Profumo: Al naso è ampio e complesso. Emergono note di frutta tropicale matura (ananas, banana), sentori di agrumi e una delicata scia di vaniglia e pasticceria, derivante dal passaggio in legno.
Gusto: In bocca è pieno, morbido e avvolgente. Ha una spiccata sapidità che bilancia bene la componente alcolica, chiudendo con un finale lungo e persistente.
Vinificazione e Affinamento
Questo vino nasce da una selezione accurata di uve coltivate a circa 450 metri sul livello del mare. La particolarità della sua produzione risiede nel rapporto con il legno:
Fermentazione: Avviene in barrique di rovere francese.
Affinamento: Il vino riposa sui propri lieviti nelle barrique per circa 10-12 mesi, seguiti da un ulteriore periodo di affinamento in bottiglia.
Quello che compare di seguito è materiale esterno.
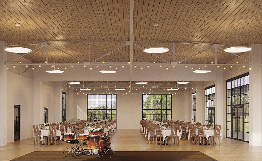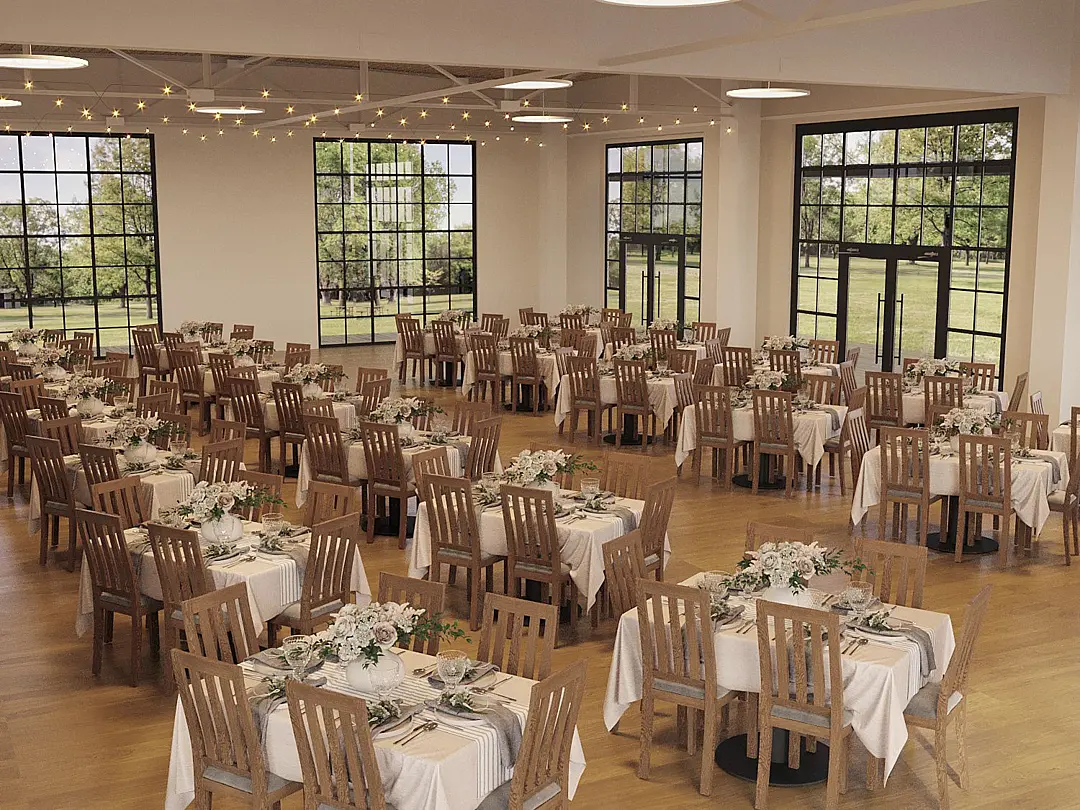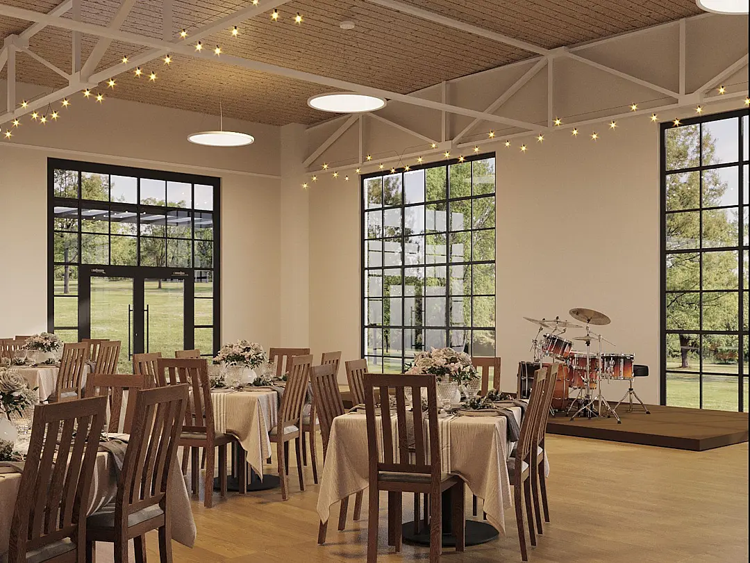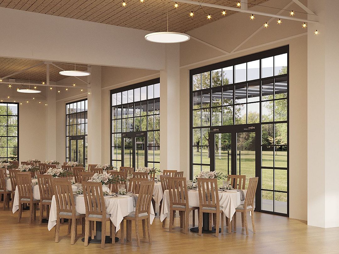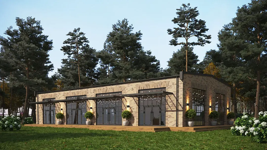 На первом этаже основное пространство с банкетной мебелью, на втором этаже открытая веранда с чилаут зоной. Огороженная территория с большим пространством для активностей на улице. Отлично подходит для выездной регистрации или тимбилдинга.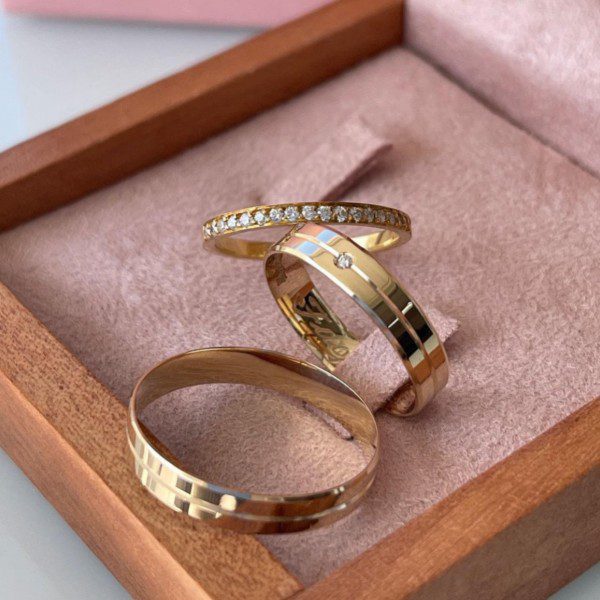 • Feminina com 1 pedra de zircônia no friso central, conferindo um brilho delicado.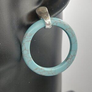 Fantastic RLM Soho Signed (Back of earring and butterfly closure) faux Turquoise silver round hoop earrings.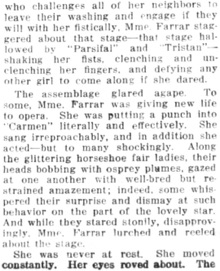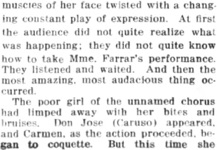 expressed by the musical critics the day following Miss Farrar‘s Charley-Chaplinized performance of Carmen.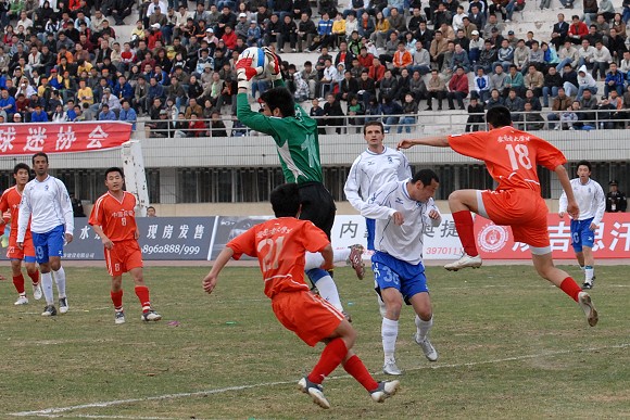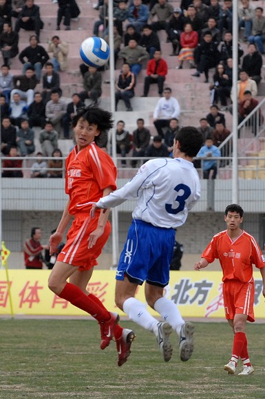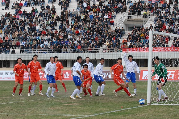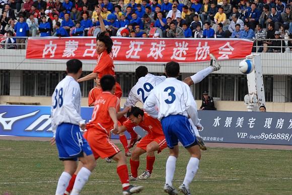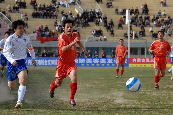 开场后,呼和浩特队主要在左路展开攻势。第22分钟,爱国者大学生队11号王强在右路形成突破,但被对方38号袁哲及时解围。第27分钟,爱国者大学生队获得角球,8号队长袁微传向远点,跟上的队友将球传入禁区,但用力过大出了底线。第33分钟,爱国者大学生队在对方禁区中路进行配合后传入禁区,21号张淼门前抢点未果,这也是学生军最有威胁的一次进攻。第35分钟,呼和浩特队逼得角球,队长9号张考主罚,新加盟的3号南斯拉夫外援头球高出。

Questo processo conferisce al Conte Hugues la sua tipica cremosità.
Abbinamenti Consigliati
Grazie alla sua struttura importante, non è solo un vino da aperitivo, ma un bianco "da pasto":
Primi piatti: Risotti ai crostacei o pasta con salse bianche a base di pesce.
Secondi: Pesci nobili al forno (orata, dentice), carni bianche elaborate o formaggi di media stagionatura.
Alternativa curiosa: Provatelo con piatti della cucina asiatica non troppo piccanti o con un tataki di tonno.
Curiosità
Il nome è un omaggio al fondatore della cantina moderna, il Conte Hugues Bernard de la Gatinais, che negli anni '70, insieme alla moglie Gigi Guarrasi, fu tra i pionieri dell'introduzione dei vitigni francesi in Sicilia, trasformando Rapitalà in un punto di riferimento per l'enologia isolana.